The Washington Post’s February 7 deep dive into the massive earthquake that hit Turkey and Syria tried to use a historical focus to provide context to contemporary events.
It tried and failed.
As I previously explained, the piece appeared in the generally excellent Today’s Worldview slot, which provides “analysis of the most important global story of the day”. The article started out well, referencing an Armenian chronicler’s account of a monstrous earthquake in the 12th century, which destroyed the city of Marash. The reader is then brought to understand – a sick feeling in the pit of their stomach – that a millennium later, on the site of Marash was Kahramanmaras, the city in southern Turkey where most buildings were reduced to rubble or badly damaged on February 6.
Thus far, history is adding immeasurably to the journalism. But what followed seems a strange way to bring historical context to current affairs. The journalist appeared to execute the rest of the piece on the basis of a fingertip search of Google archives, starting with “List of earthquakes in Turkey” on Wikipedia. From that list, he seems to have progressed to “Historical earthquakes In Turkey (before 1900)”, lower down the same web page.
The piece runs through the list, winding all the way back to 115 AD, when “a quake estimated by seismologists to have been a 7.5 magnitude devastated the ancient metropolis of Antioch and nearly killed Roman emperor Trajan, who was wintering there after a military campaign. Modern-day Antakya, the Turkish city that sits atop the ruins of Antioch, was ravaged by Monday’s tremors.”
It steps sideways to Aleppo, of which the writer says the following: “Aleppo, of course, had endured major disasters throughout its storied history.”
I recount all of the above to ask a question: what was the original purpose of this piece and has it been served?
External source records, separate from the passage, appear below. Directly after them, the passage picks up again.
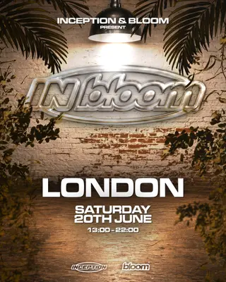 Bloom & Inception present: In-Bloom with Special Guest TBA takes place at TBA in London on Saturday, June 20, 2026. The event focuses on Tech House music.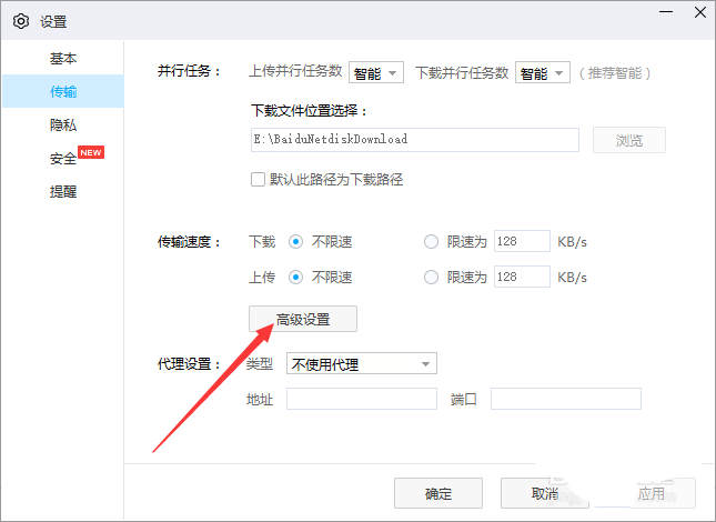 5、點擊左側中的 傳輸之后,點擊高級設置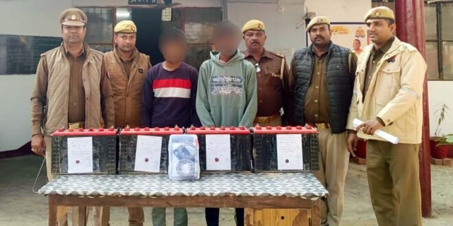 फतेहपुर। औंग थाना पुलिस ने थाने में पंजीकृत चोरी की घटनाओं का खुलासा करते हुए इन घटनाओं में संलिप्त दो अभियुक्तों को गिरफ्तार कर लिया। उनके पास से एक जोड़ी छागल समेत बैटरी व 3300 रूपए बरामद किए हैं। पुलिस ने दोनों के खिलाफ सुसंगत धाराओं में कार्रवाई कर न्यायालय भेज दिया। बताते चलें कि औंग थाने पर पंजीकृत मु0अ0सं0 131/25 धारा 331(4), 305(ं), 317(2) बीएनएस व मु0अ0सं0-121, 25 धारा 305(ं), 317(2), 331(4) बीएनएस व मु0अ0सं0-122/25 धारा 115(2), 351(2), 352, 333 बीएनएस का सफल अनावरण करते हुए घटना में संलिप्त अभियुक्त नीरज प्रजापति पुत्र इंद्रपाल प्रजापति निवासी गडरियान का पुरवा चौडगरा थाना कल्यानपुर व हिमांशु विश्वकर्मा पुत्र स्व0 दीनदयाल विश्वकर्मा निवासी शुक्ला नगर रावतपुर मोड थाना औंग को चोरी के एक जोड़ी छागल (चांदी) व चोरी की चार बैटरी एवं 3300 रूपये के साथ गिरफ्तार किया। गिरफ्तार अभियुक्तों को न्यायालय भेजा गया। गिरफ्तारी करने वाली टीम में वरिष्ठ उपनिरीक्षक अनुज कुमार यादव, उपनिरीक्षक रामानुज यादव, मुख्य आरक्षी सतीश मिश्रा, विनीत कुमार, आरक्षी अमित पाल व पवन कुशवाहा शामिल रहे।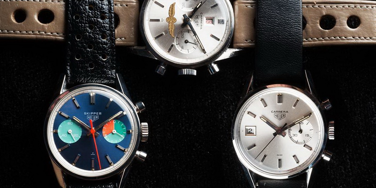 Skipper, Indianapolis, Panda and 45 Dato. The Carrera case made history in watchmaking, thanks to this stunning quartet. #VintageWatches #Museum #TAGHeuerCarrera #TAGHeuerWatch #Indianapolis #Solunar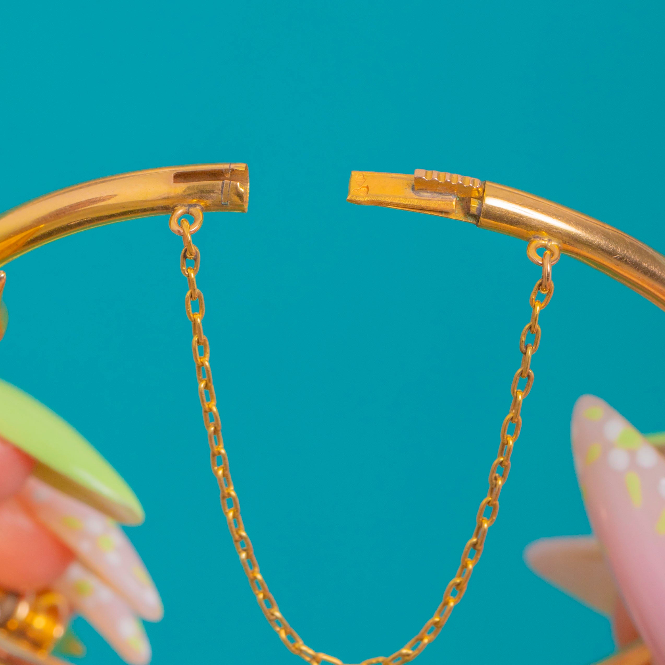 A dreamy Antique French Victorian bangle crafted in rich 18ct Gold and set with glowing Perpignan Garnets. At the centre, three pear-cut Garnet “petals” form a charming shamrock, kissed with a tiny Seed Pearl at the heart. The graceful twin-wire silhouette flows around the wrist, dotted with round Garnet accents for a refined flicker of light, and secures with a hinge and safety chain for ease and confidence.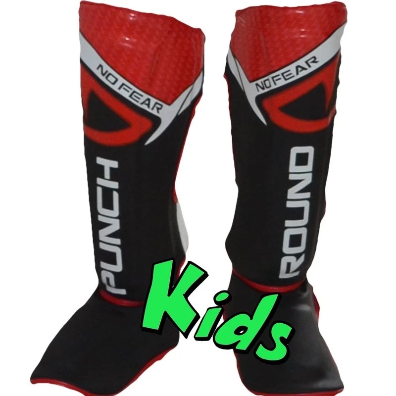 Punch Round Kids NoFear Kickboks Scheenbeschermers Zwart Rood.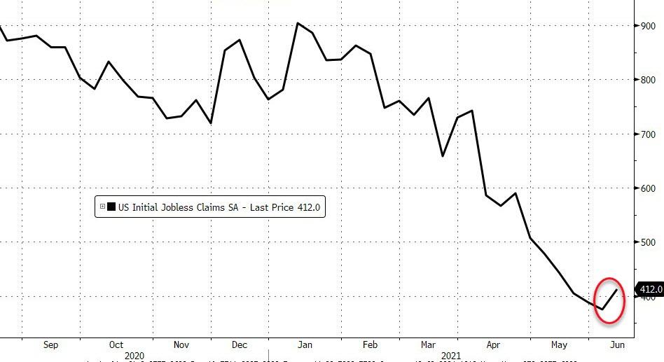 Initial Jobless Claims unexpectedly rose last week from 375k to 412k. Source: Bloomberg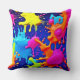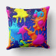 Vibrant Neon Splashes on Dark Canvas Throw Pillow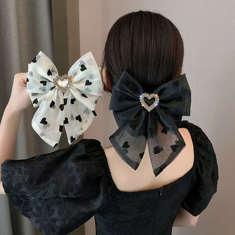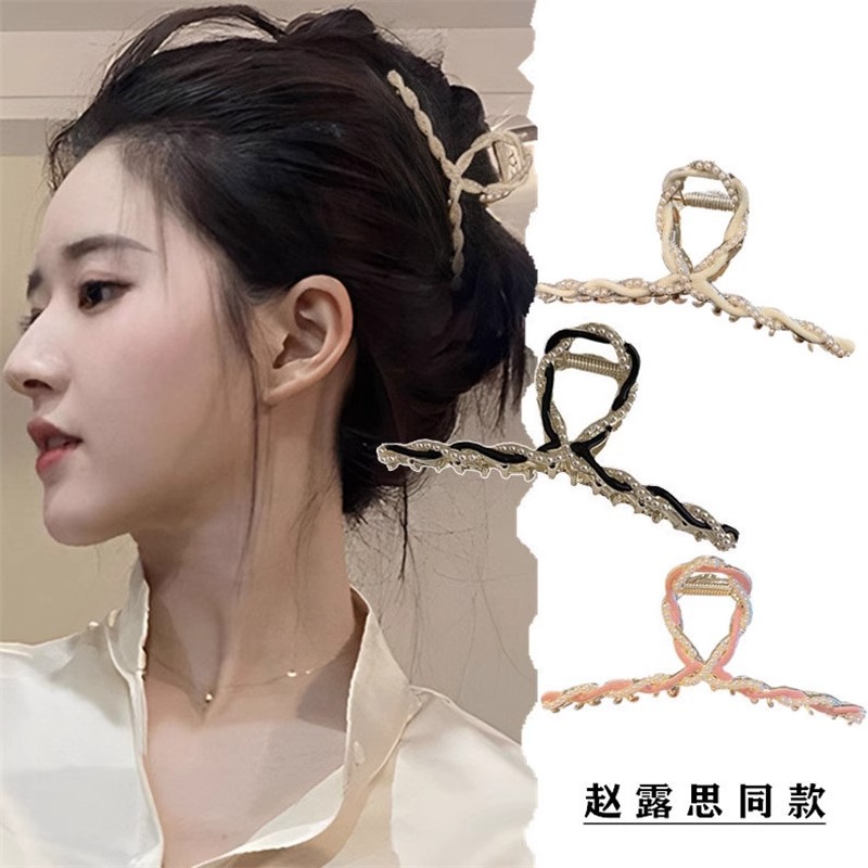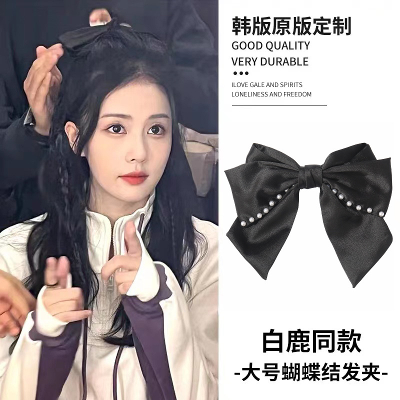 白鹿の同じタイプの蝶結びのヘアピンの後頭部の束のヘアピン2024潮の真珠のサテンの馬尾のスプリングは髪飾りを挟みます。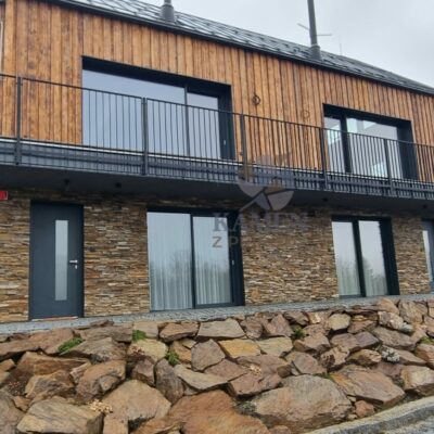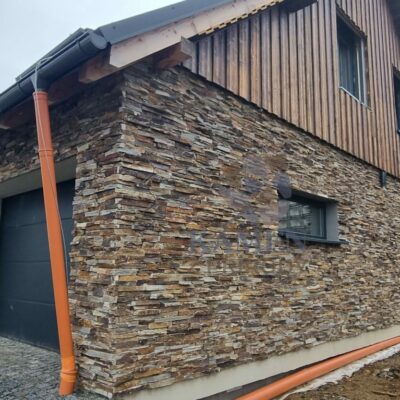 Fasáda domu je obložena metalickými filetami, které jsme lepili flexibilním lepidlem RKS od Quick-mixu.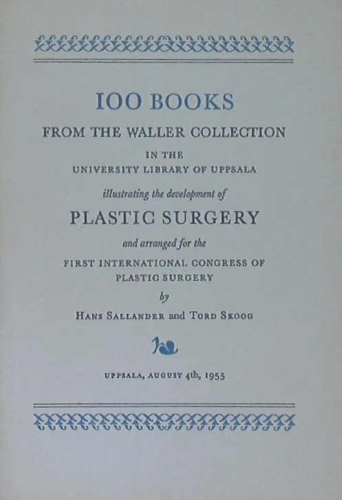 MEDIZIN.– SALLANDER, Hans + SKOOG, Tord: 100 Books from the Waller Collection in the University Library of Upsala. Illustrating the development of Plastic Surgery and arranged for the first Congress of Plastic Surgery. Upsala (IPS), 1955. 21 S. mit Titelbild. OKart. tadellos. EA.
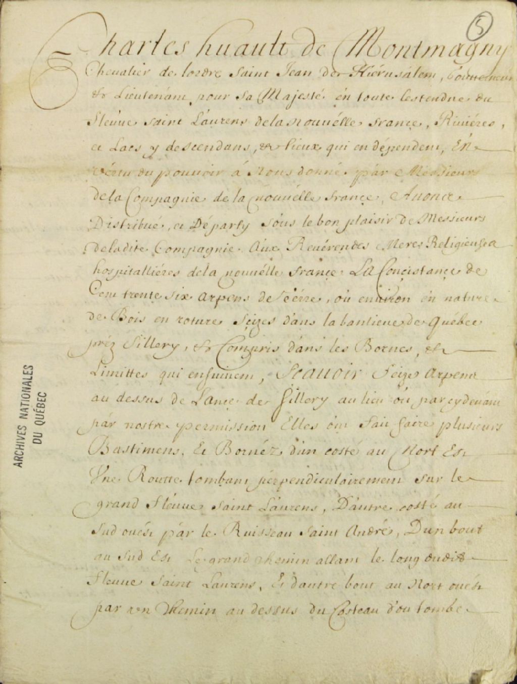 Copie de l'acte de concession d'une terre située dans la banlieue de Québec près de Sillery, aux Hospitalières de Québec par le gouverneur Montmagny et ratification (confirmation) par les directeurs de la Compagnie de la Nouvelle-France de ladite concession, signé Lamy, 1 août 1646 - 29 mars 1649, Archives nationales à Québec, Fonds Ministère des Terres et Forêts, (03Q,E21,S64,SS5,SSS7,D5).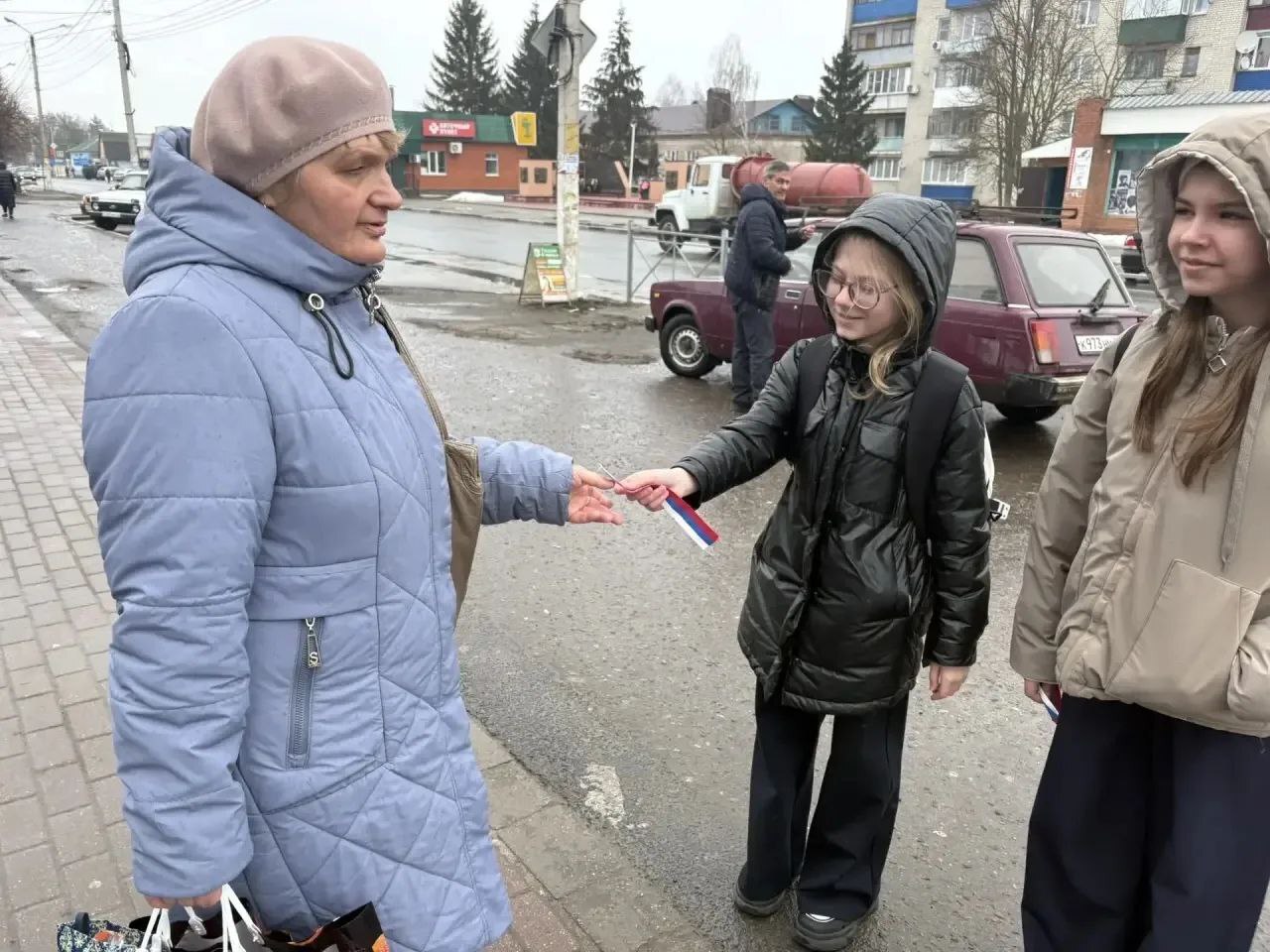 Юные стажеры волонтерского отряда « Данко» присоединились ко Всероссийской акции « Наш триколор» , ко Дню воссоединения Крыма с Россией!

Was it simply to provide historical data on a catastrophic event, an approach that Martin Conboy, Emeritus Professor of Journalism History at the University of Sheffield calls “information-plus”?
In his 2012 book How Journalism Uses History, the professor notes that when the traditional newspaper was “the privileged and sole purveyor of the latest information” news relied on “the perpetual present”. But all that changed when “other news media forms became better communicators of the instantaneous, from radio to the Internet”. In order to create an advantage of some sort, “newspapers have been steadily recuperating the past as an important part of their communicative armoury,” the professor said.
An historical view of the fact that modern-day Turkey and Syria sit within a seismically active area is worth having and the Washington Post writer duly notes that the region hit by the quake is “at a kind of hinge point of three tectonic plates — the Arabian, Anatolian and African plates”.
But it feels a bit like lazy journalism to follow this up with a write-through of the list of earthquakes in the region, with suitable quotes from mediaeval texts.
Instead, it might have been worthwhile to ask: What, if any, are the lessons of history for those quake-prone regions? What was the narrative arc, in terms of preparation for such disasters and their management? Did those in charge get better at preparing for catastrophe? Did they learn from what went before?
That might have been more illuminating. And prescient too, considering the criticism subsequently levelled at Recep Tayyip Erdogan’s government’s tardy and inadequate earthquake response. The Turkish president has grudgingly acknowledged “shortcomings” and insisted “it’s not possible to be ready for a disaster like this”.